Just started looking for a used camper for our camp. I am staying in our old one and it does fine. But it's an old FEMA trailor and I want to get something a little smaller and without as many problems. I started looking about 2 weeks ago and have only found 2 listings on craigslist I liked and both were flagged by the end of the day and got 0 email responses. 

Also at the dealers the price is way higher than what it would be on craigslist. I'm looking for something used under $5000. Year doesn't matter to me as long as it works.

Long story short, where else could one look to get a cheaper camper other than a dealer or craigslist? Anyone know of a dealer that has a larger stock of 80s campers that would be around my price range? Any other websites?


----------



## Oldstick (Oct 6, 2015)

Don't know exactly what you might be looking for, but there is no shortage of older campers for sale.  And the depreciation on campers is even higher than on cars for the most part.  So you probably can find something way newer than 1980s for that price range. 

RV Trader is one website you can check out but if you can narrow down your search to certain makes and models, you will often find online forums dedicated to owners of specific makes of RVs that have for sale sections.  Often those forums attract the owners that were fond of and took great care of their campers too, so you might find good deals on older campers still in good shape.

But the search for a specific model camper is a lot harder than for common models of cars.  This is just because of the smaller numbers manufactured and sold over the years compared to automobiles.  So you have to be prepared to travel, possibly out of state, to look at the right one if you find it.

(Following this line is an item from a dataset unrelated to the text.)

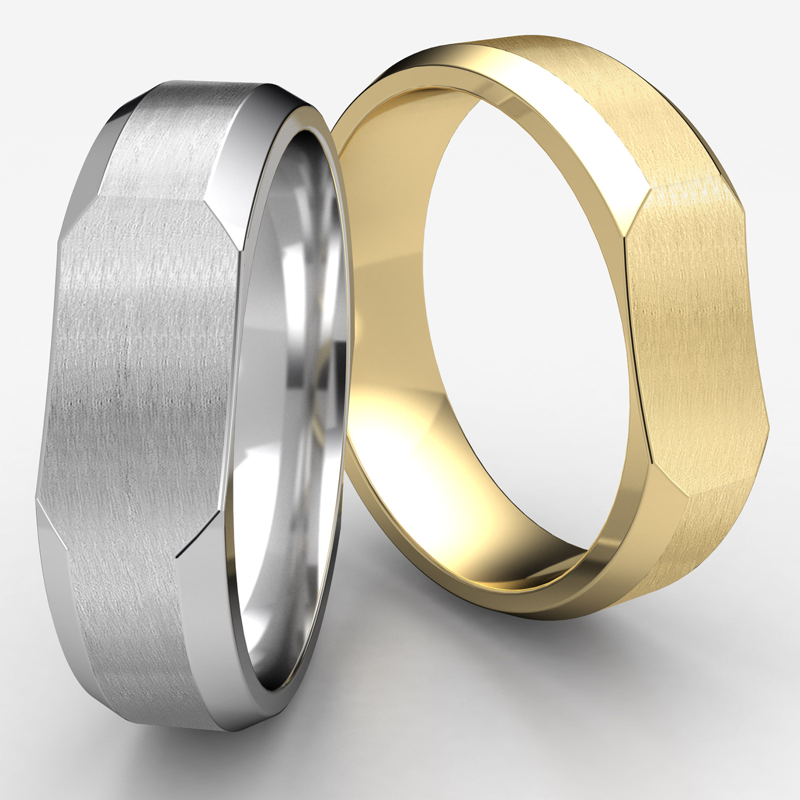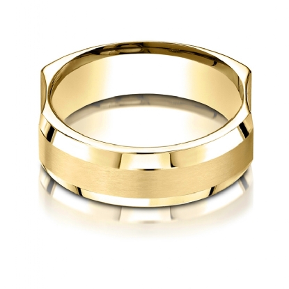 Satin Finish Beveled Edge Unisex 14k Gold Bone Wedding Band
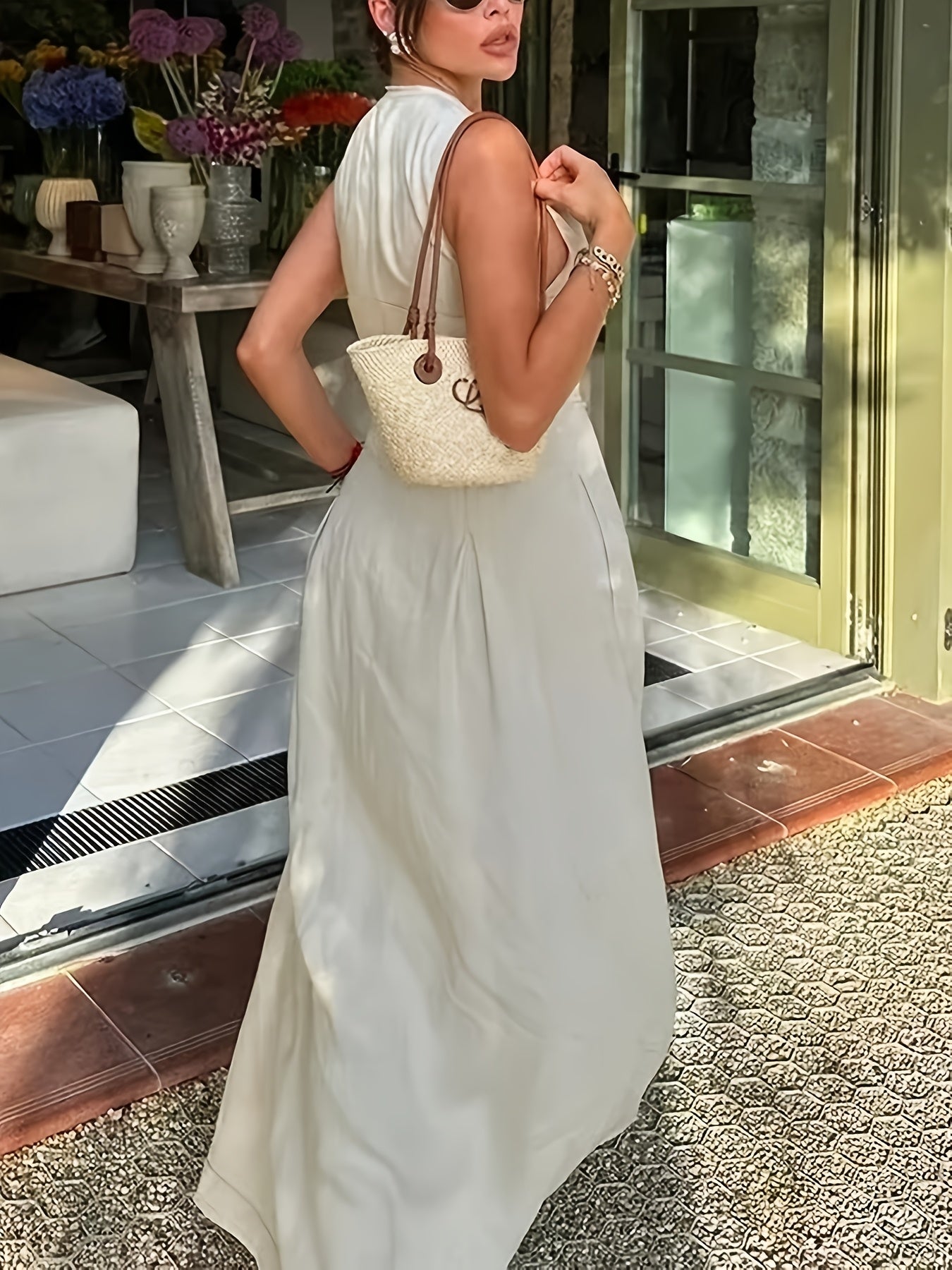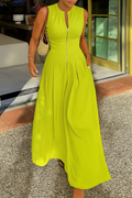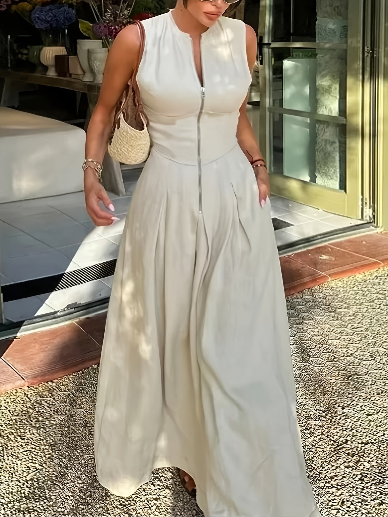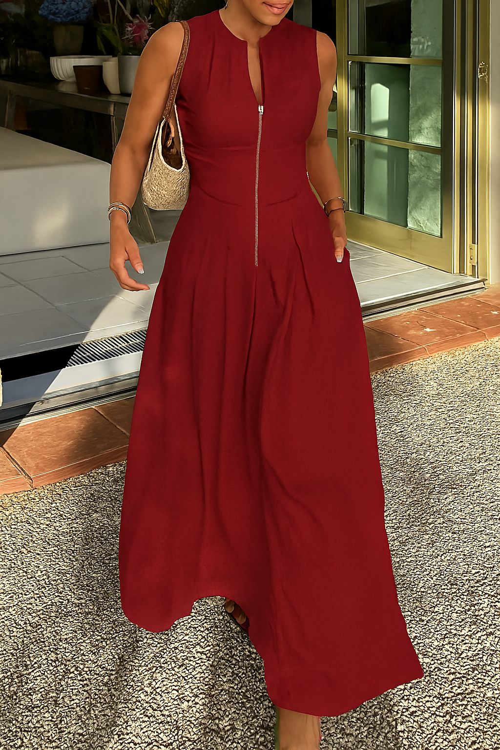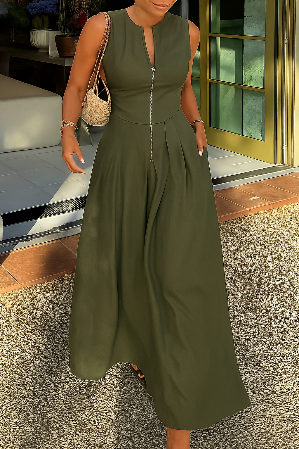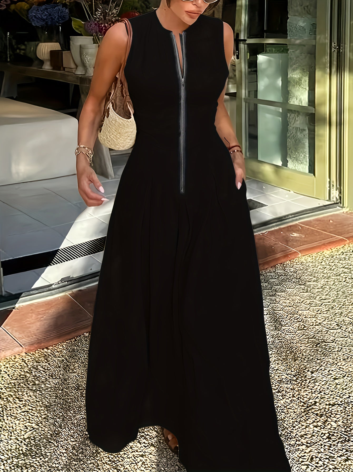Elegance meets comfort in this Women's Sleeveless Maxi Dress - Deep V-Neck - Front Zipper - Flowy Elegant Fit. This stylish dress features a flattering deep V-neck, a convenient front zipper, and a relaxed, flowy silhouette. Perfect for effortless elegance on any occasion.

I will give you one tip, though.  There is a one particular make of camper called TrailManor that has a very loyal but relatively small fan base.  It is a smaller unit similar to a tent type pop-up camper except it is larger than most pop-ups and folds up to a completely hard sided camper.  Also had all the amenities of a full sized RV.  The company has been in business for 30 years or more, but is about to fold so prices will probably start dropping on used units pretty soon.


----------



## Dog Hunter (Oct 7, 2015)

What are you looking for?  Length?


----------



## bilgerat (Oct 7, 2015)

Rvtrader.com


----------



## Buckseye (Oct 9, 2015)

Thanks for the responses guys. Ill keep looking on forums and Rvtrader.com. Im looking for a 20-25 ft camper with basic ammentities (heat, air, microwave, stove, bathroom, shower). I'm 5'6" so I don't even need the big queen bed. I can easily sleep on the converted dinette. Main thing I want is clean and working so Im going to read up on the forums for specific brands and see what I can find.

I'm in no rush so I think I can be picky and given 8 months I'm confident I can find the right one!


----------



## Laman (Oct 10, 2015)

Older campers:  check for leaks, check for leaks, and then check for leaks!


----------



## TJay (Nov 4, 2015)

Buckseye said:


> Thanks for the responses guys. Ill keep looking on forums and Rvtrader.com. Im looking for a 20-25 ft camper with basic ammentities (heat, air, microwave, stove, bathroom, shower). I'm 5'6" so I don't even need the big queen bed. I can easily sleep on the converted dinette. Main thing I want is clean and working so Im going to read up on the forums for specific brands and see what I can find.
> 
> I'm in no rush so I think I can be picky and given 8 months I'm confident I can find the right one!



You're situation sounds exactly like mine.  My ol '84 Wilderness has been good but not quite enough room if mama wants to come along.  I'm on the lookout same as you.


----------